The solution is simple:
// MAKE SURE ReadyState = Complete
while (WebBrowser1.ReadyState.ToString() != "Complete") {
Application.DoEvents();
}
// Move on to your sub-sequence code...
Dirty and quick.. I am a VBA guys, this logic has been working forever, just took me days and found none for C# but I just figured this out myself.

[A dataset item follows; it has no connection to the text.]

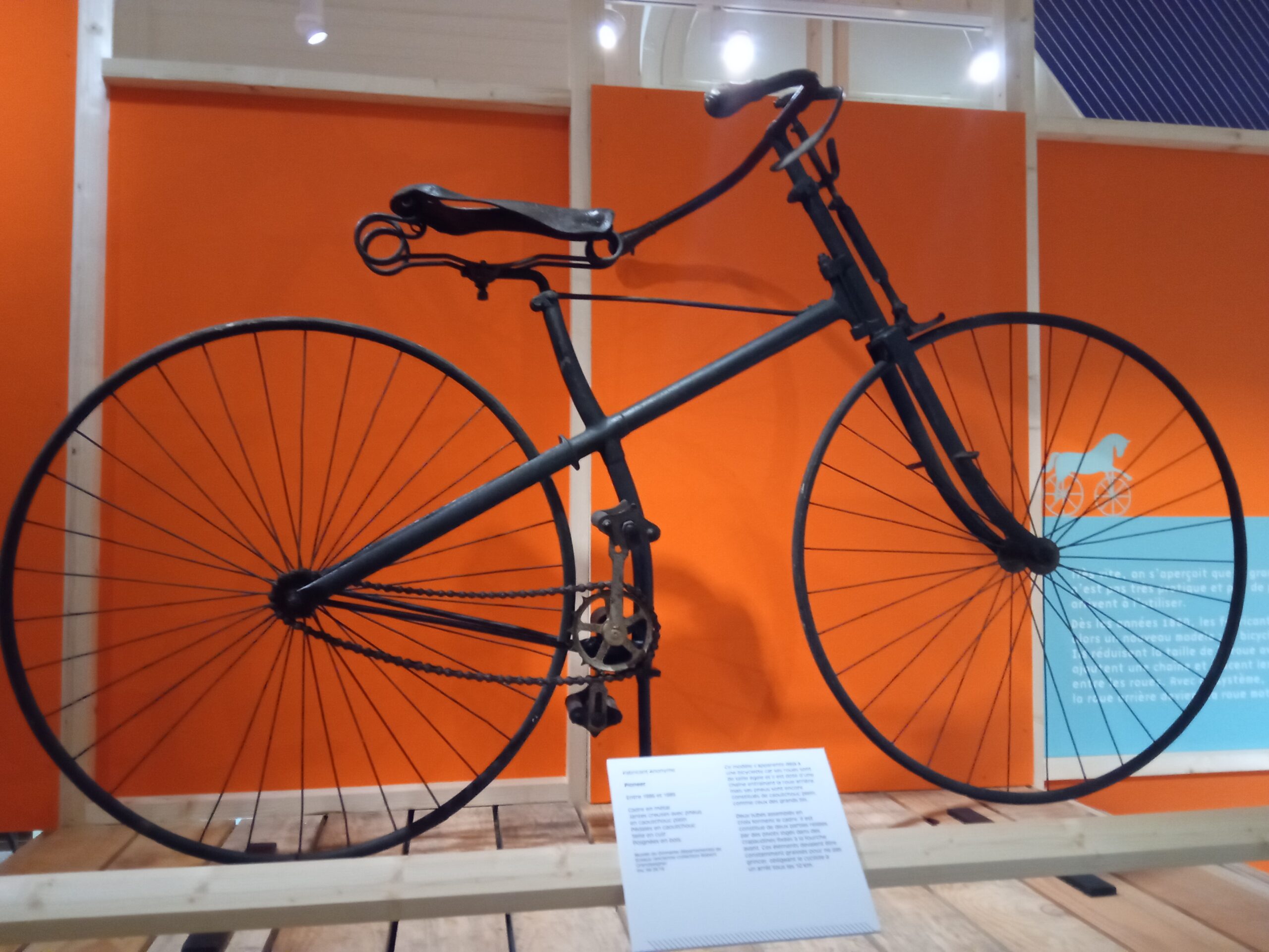 Ceci est le premier vélo qui a une chaîne et une selle pour amortir. Les roues ont quasi la même taille et n’ont plus besoin d’etre immense pour avancer vite.
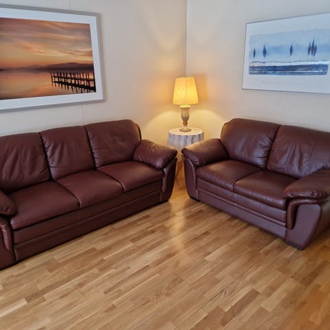 Svært lite bruksmerker. Hull i stofftrekket under på begge sofaene, men det er helt uten betydning.

Following is my complete function, the objective is to obtain a segment of info from a webpage:
private int maxReloadAttempt = 3;
private int currentAttempt = 1;
private string GetCarrier(string webAddress)
{
WebBrowser WebBrowser_4MobileCarrier = new WebBrowser();
string innerHtml;
string strStartSearchFor = "subtitle block pull-left\">";
string strEndSearchFor = "<";
try
{
WebBrowser_4MobileCarrier.ScriptErrorsSuppressed = true;
WebBrowser_4MobileCarrier.Navigate(webAddress);
// MAKE SURE ReadyState = Complete
while (WebBrowser_4MobileCarrier.ReadyState.ToString() != "Complete") {
Application.DoEvents();
}
// LOAD HTML
innerHtml = WebBrowser_4MobileCarrier.Document.Body.InnerHtml;
// ATTEMPT (x3) TO EXTRACT CARRIER STRING
while (currentAttempt <= maxReloadAttempt) {
if (innerHtml.IndexOf(strStartSearchFor) >= 0)
{
currentAttempt = 1; // Reset attempt counter
return Sub_String(innerHtml, strStartSearchFor, strEndSearchFor, "0"); // Method: "Sub_String" is my custom function
}
else
{
currentAttempt += 1; // Increment attempt counter
GetCarrier(webAddress); // Recursive method call
} // End if
} // End while
} // End Try
catch //(Exception ex)
{
}
return "Unavailable";
}